Collaborate Another way to minimize traffic and server load is to collaborate more. A concerted effort with multiple researchers may lead to less duplicate data and in the end probably an even better, re-usable dataset.
Be extra careful with personal data Both from an ethical and a legal point of view, the situation changes drastically as soon as personal data are involved. Especially since the General Data Protection Regulation (GDPR) regulations took effect in the European Union, collecting and processing such data requires a lot of additional precaution and is usually subject to explicit consent. It is clearly infeasible to ask every Twitter user for consent to process their tweet and doing so is probably covered by research exceptions, the general advice is to store as little personal data as possible and only what is absolutely needed. Most likely, you need to have a data management plan in place, and should get appropriate advice from your legal department. Therefore, think carefully whether you really need, for instance, the user names of the authors of reviews you are going to scrape, or whether the text alone suffices.
Once all ethical and legal concerns are sorted out and you have made sure that you have written a scraper in such a way that it does not cause unnecessary traffic and load on the servers from which you are scraping, and after doing some test runs, it is time to think about how to actually run it on a larger scale. You may already have figured that you probably do not want to run your scraper from a Jupyter Notebook that is constantly open in your browser on your personal laptop. Also here, we would like to offer some suggestions.
Consider using a database Imagine the following scenario: your scraper visits hundreds of websites, collects its results in a list or in a data frame, and after hours of running suddenly crashes – maybe because some element that you were sure must exist on each page, exists only on 999 out of 1000 pages, because a connection timed out, or any other error. Your data is lost, you need to start again (not only annoying, but also undesirable from a traffic minimization point of view). A better strategy may be to immediately write the data for each page to a file. But then, you need to handle a potentially huge number of files later on.
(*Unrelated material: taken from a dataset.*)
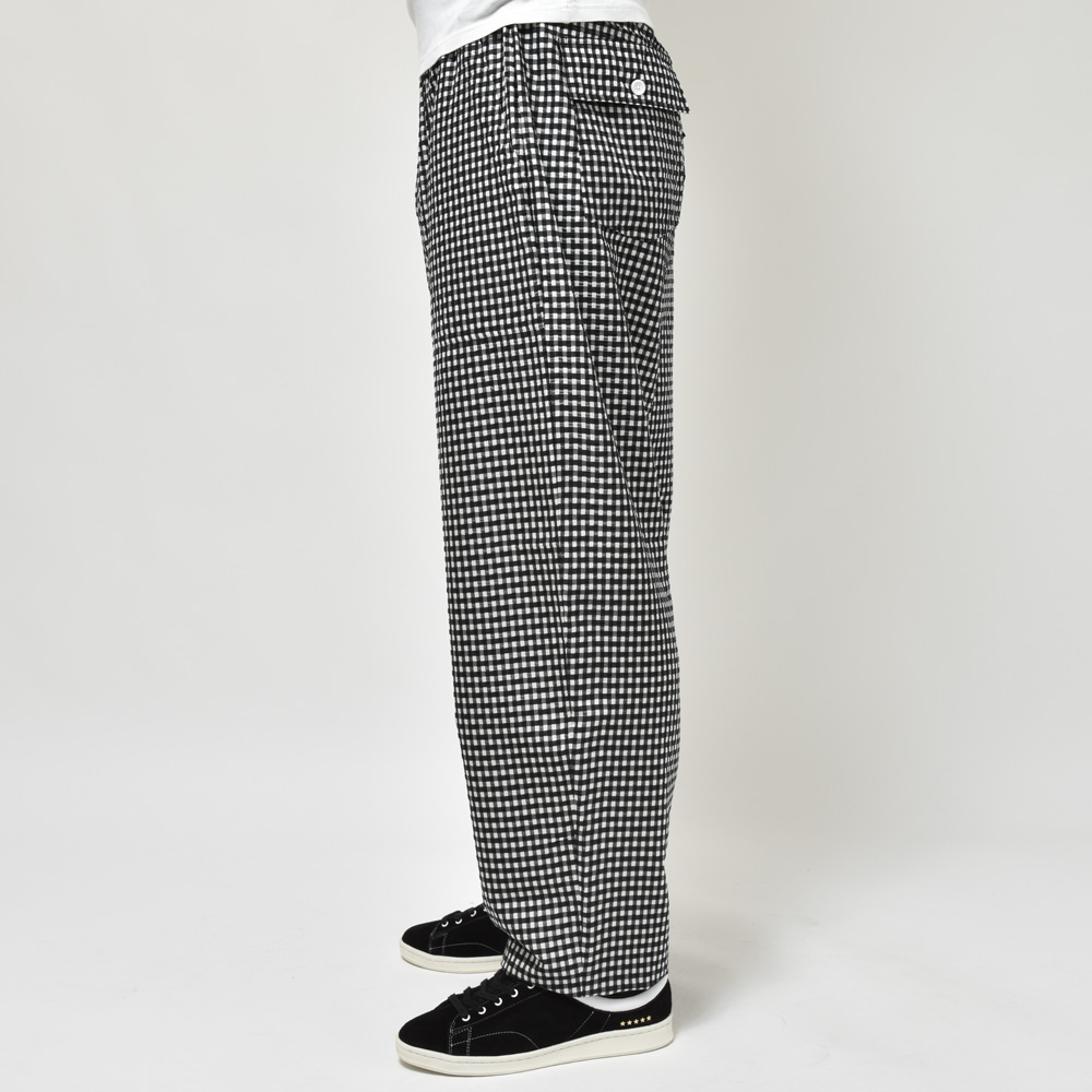 balcone別注 シルクカシミアギンガムチェックシャーリングワイドテーパードパンツ M021335-C

A much better approach, especially if you plan to run your scraper repeatedly over a long period of time, is to consider the use of a database in which you dump the results immediately after a page has been scraped (see Section 15.1).
Run your script from the command line Store your scraper as a .py or .R script and run it from your terminal (your command line) by typing python myscript.py
or R myscript.R
rather than using an IDE such as Spyder or R Studio or a Jupyter Notebook. You may want to have your script print a lot of status information (for instance, which page it is currently scraping), so that you can watch what it is doing. If you want to, you can have your computer run this script in regular intervals (e.g., once an hour). On Linux and MacOS, for instance, you can use a so-called cron job to automate this.
Run your script on a server If your scraper runs for longer than a couple of hours, you may not want to run it on your laptop, especially if your Internet connection is not stable. Instead, you may consider using a server. As we will explain in Section 15.2, it is quite affordable to set up a Linux VM on a cloud computing platform (and next to commercial services, in some countries and institutions there are free services for academics). You can then use tools like nohup or screen to run your script on the background, even if you are no longer connected to the server (see Section 15.2).